私は綺麗な鞍や鐙、手綱などを選んでいき、最後に名前を付ける。気性が穏やかな優しい牝馬。
彼女の名前は望だ。現代でも著名なあの新幹線ではない。望月から取った名前だ。
私は柵を外して望の顔に触れる。彼女はただじっとそれを見詰めていた。
……今気が付いたが、このゲームの馬の“気性”って何なのだろう。どれを選んでもシステムが操縦してくれるのであまり関係ない気がするのだが。
「これからよろしくね」
何はともあれ、今日から私の愛馬だ。
私は彼女の長い鬣を綺麗に編み込んでいく。留めるのは服の作成に使った余りの糸だ。服の作成などと違ってシステム補助がないので時間がかかるが、あまり問題ないはだろう。
周りを見る限り、即決したのはフランだけ。私に何だかんだと言いながらも二人は真剣に馬を見定めている。
私は編み込みを終えると望を連れて馬屋を出る。この牧場、従業員のほとんどが動物の世話係なので販売関連はほぼ無人だ。不用心とも薄情とも取れる寂しい仕様である。
サクラギの街よりも少しだけ澄んだ青空の下。そこで待っていたのは大きな黒馬とじゃれているシトリンと、それ以上に異様な馬を連れたフランだ。
私は望を連れて恐る恐るその馬? に近付いて行く。
「それ、何……?」
「私の馬。名前は“速達”」
「ひっどい名前! ……じゃなくて、明らかに馬じゃないと思うんだけど……」
その馬は、鮮やかな水色をしていた。馬には青毛という毛色があるが、そんなものの比ではないくらいに青い。
その上、顔は馬と言いうよりも毛の生えたイルカとでもいうべき異様な見た目で、尻尾には金魚のような優美な“尾鰭”が付いている。

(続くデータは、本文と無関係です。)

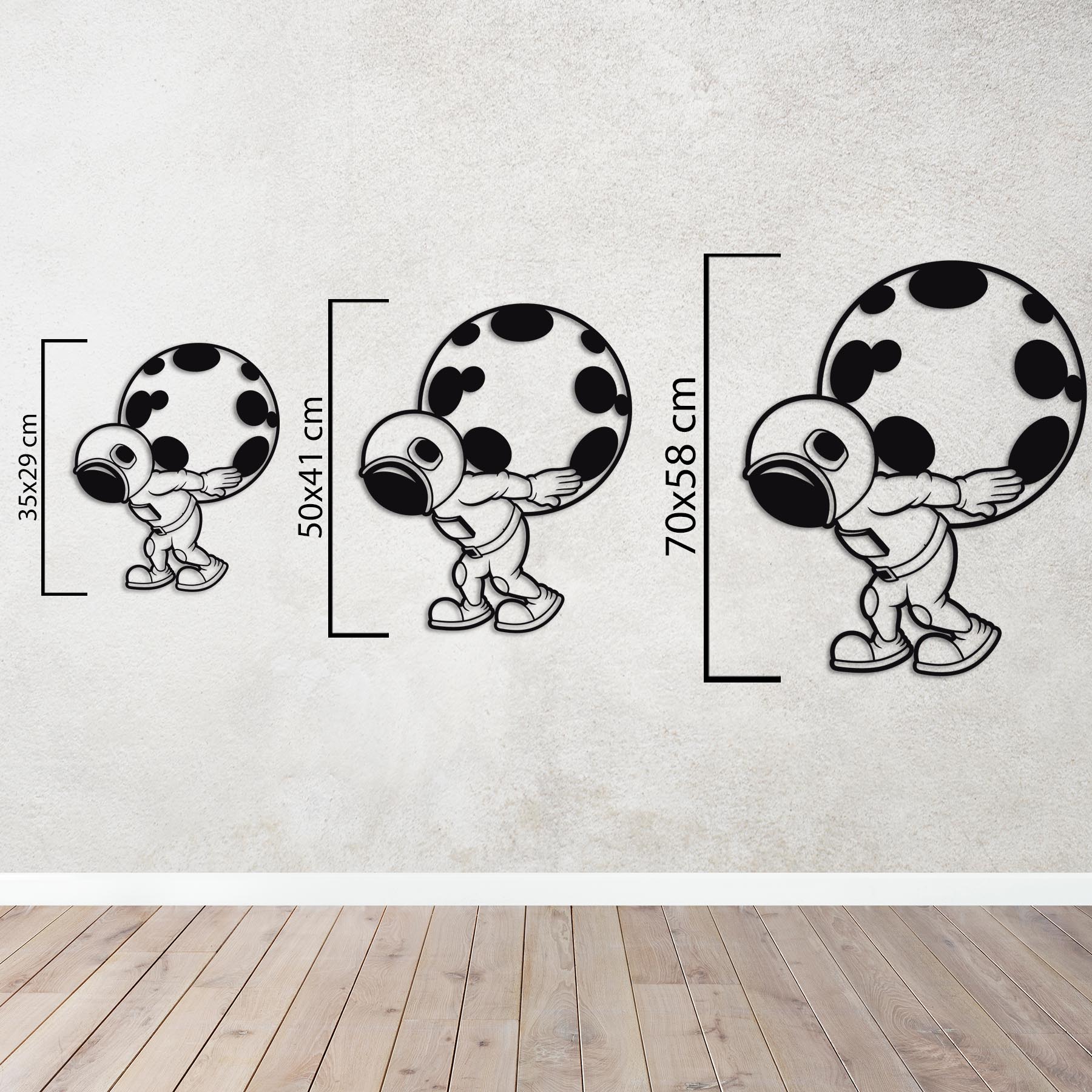 The "Astronaut Carrying the Moon" metal wall decor was designed as a powerful and inspiring detail that supports children's limitless imagination. The giant moon, carried by a tiny astronaut, also symbolizes children's sense of responsibility, imagination, and exploration.

全体的な骨格こそ馬のそれだが、明らかに普通の馬ではない。
「それ、その……何の動物……?」
「ここで一番高くて能力が高い馬。品種はけ、ケルピー……? とかいう」
私は彼女のに購入履歴を見せてもらう。私の望よりも値段の桁が一つ違う。どうやら上の方には大金を持っている者にしか表示されないゾーンがあるらしく、隠し要素になっていたようだ。フランは相も変わらず金遣いが荒い。

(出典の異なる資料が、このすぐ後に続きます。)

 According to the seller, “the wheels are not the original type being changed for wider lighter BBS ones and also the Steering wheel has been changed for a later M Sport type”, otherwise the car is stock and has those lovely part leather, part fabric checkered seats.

そもそも彼女はあれ以降もちょくちょく“勝てそうな時”にカジノに行っては荒稼ぎしているので、所持金が一般プレイヤーの我々とは比べ物にならない。
そのせいでチート行為を疑われて、他のプレイヤーに通報されたりしているようだが、特に制裁が下ったという話は聞かないので実力なのだろう。どういう実力なのかは私にも分からないが。
私はそのソクタツ君のステータスを見せてもらう。私の望と比べて二倍とまでは行かないが、七から八割ほど高い性能をしている。特に速度は数値上では劇的に違う。実際の速度は調べてみなければならないが、値段に見合った性能だ。
そんな見る限り超高性能の馬ではあるが、気性は私の見たリストの中には一頭もいなかった“凶暴”である。怖い。
「よくこれ買う決断できたね……」
「お金あるから」
「そりゃそっか……」
使えなかったら新しいの買えばいいもんね。カジノの女王は言うことが違うなぁ……。
泥団子たちが馬屋から出てきてフランのソクタツ君を見て衝撃を受けたり一騒動あったが、とにかく私達はそれぞれの馬を駆ってトウヒ牧場を後にするのだった。